Разумеется, у нас тоже сохранились еще консерваторы, мечтатели, которые создают свои объединения и кажутся неприкаянными призраками. Их заседания обнаруживают определенное сходство с заседаниями анархистов. В кафе такие люди украшают свои столы флажками и подкармливают молодых людей, которые над ними же насмехаются. Конечно, и революции порой дают материал для традиции. Я припоминаю один из таких кружков и его безвкусный идеализм — — — «Атакующие соратники Сократа». Туда меня ввел мой братец.
148
… поперечный миелит… Поперечный паралич, паралич при поперечном поражении спинного мозга.
С точки зрения историка, подобные явления представляются скорее призрачными, чем эпигонскими. Представляются — длинными отрезками существования скудного и обескровленного прозябания, не дающего для него, историка, никакой добычи. Традиция сохраняется там, где она — вместе с последними своими носителями — гибнет и, значит, кровью просачивается в почву, а не там, где она, как при цезарях Запада, продолжает влачить жалкое остаточное существование. Из носителей же восточной традиции последние погибли при штурме городских стен. Большие города становятся трансцендентными в пламени пожаров. Я сейчас вспоминаю, среди прочих, супругу Гасдрубала [149] — женщину, которую я почитал и любил. Порабощению она предпочла огонь.
149
… супругу Гасдрубала… Имеется в виду, вероятно, Гасдрубал Боэтарх (даты жизни неизвестны) — карфагенский полководец, руководитель обороны Карфагена во время Третьей Пунической войны (149—146 гг. до н. э.). Карфаген был осажден римской армией и в 146 г. до н. э. взят штурмом. Согласно Полибию, жена и два сына Гасдрубала бросились в горящий храм. Сам Гасдрубал сдался римлянам. Его дальнейшая судьба неизвестна.
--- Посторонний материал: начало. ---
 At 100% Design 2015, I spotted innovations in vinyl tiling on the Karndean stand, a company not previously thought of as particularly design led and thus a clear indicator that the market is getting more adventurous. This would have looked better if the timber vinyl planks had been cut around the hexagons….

Я прихватил наверх маленький телевизор. Чтобы иногда включать его и слушать новости. Они транслируются на закате солнца, и, поскольку слушают их все поголовно, отдельного слушателя в это время запеленговать невозможно. За пространством теле- и радиовещания ведется тщательнейшее наблюдение; таким способом не только определяется местонахождение партизанских гнезд, но часто и планы партизан становятся во всех деталях известны властям.
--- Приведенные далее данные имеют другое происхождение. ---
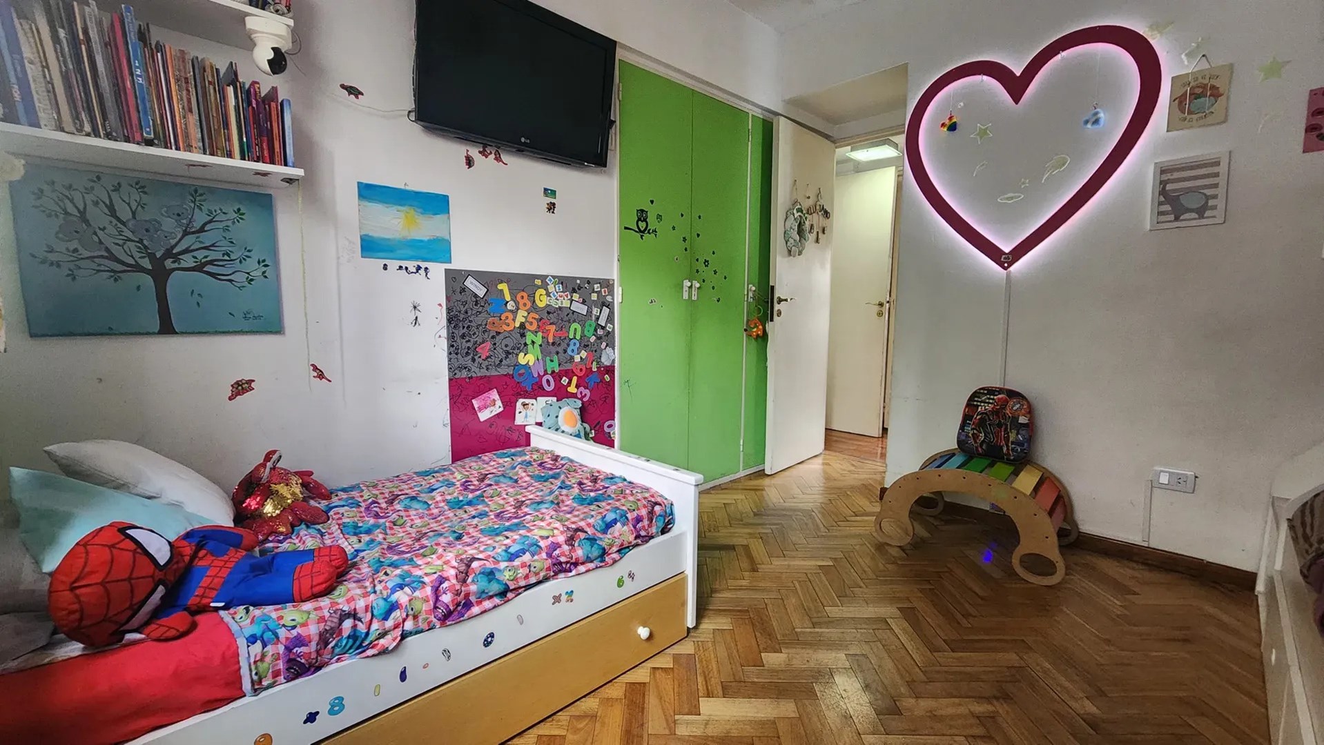 La habitación secundaria (3,10×3,10m) cuenta también con piso de parquet hidro laqueado, amplio placard empotrado, estufa Tiro Balanceado y Aire Acondicionado Frio/Calor. Cuenta con ventana hacia el pulmón del edificio, lo cual habilita la ventilación cruzada y le da gran luminosidad al ambiente.

Невероятно, с каким легкомыслием молодые люди из хороших семей пускаются в подобные авантюры. Фантазии им не занимать, а вот интеллекту за ней не угнаться. Они, правда, достаточно смелы, чтобы решиться вступить в борьбу с обществом, однако у них отсутствует потребный для этого инструмент. Поэтому они всегда начинают с одних и тех же ошибок; полиции нужно только дождаться, пока они сами попадутся к ней в сети. И полицейские не торопятся.
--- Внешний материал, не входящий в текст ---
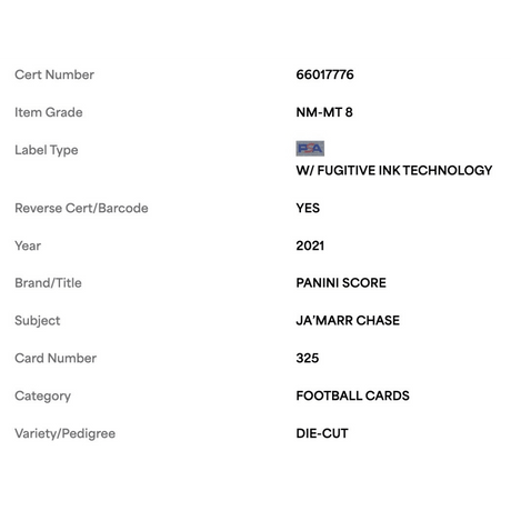 Ja'Marr Chase PSA 8 2021 Panini Score Die Cut Rookie RC #d/ 10 Card #325

«Дадим им дозреть». Это одна из максим Домо, которую я порой слышу в ночном баре; и тогда становлюсь особенно внимательным. Этими словами заканчиваются совещания, которые велись в кабинете, однако и после мне порой удается поймать кое-какие отголоски уже обговоренного. Верховья Суса не относятся к числу облюбованных партизанами районов — в этом я уверен. Было бы крайне неприятно, если бы там поселились эти дилетанты и навлекли на мою голову полицию.
Как уже говорилось, с партизанами у меня нет ничего общего. Я не хочу вступать в спор с обществом — например, чтобы улучшить его; для меня главное — не подпускать его к себе слишком близко. Я привык сам формулировать стоящие передо мной задачи — и свои требования тоже.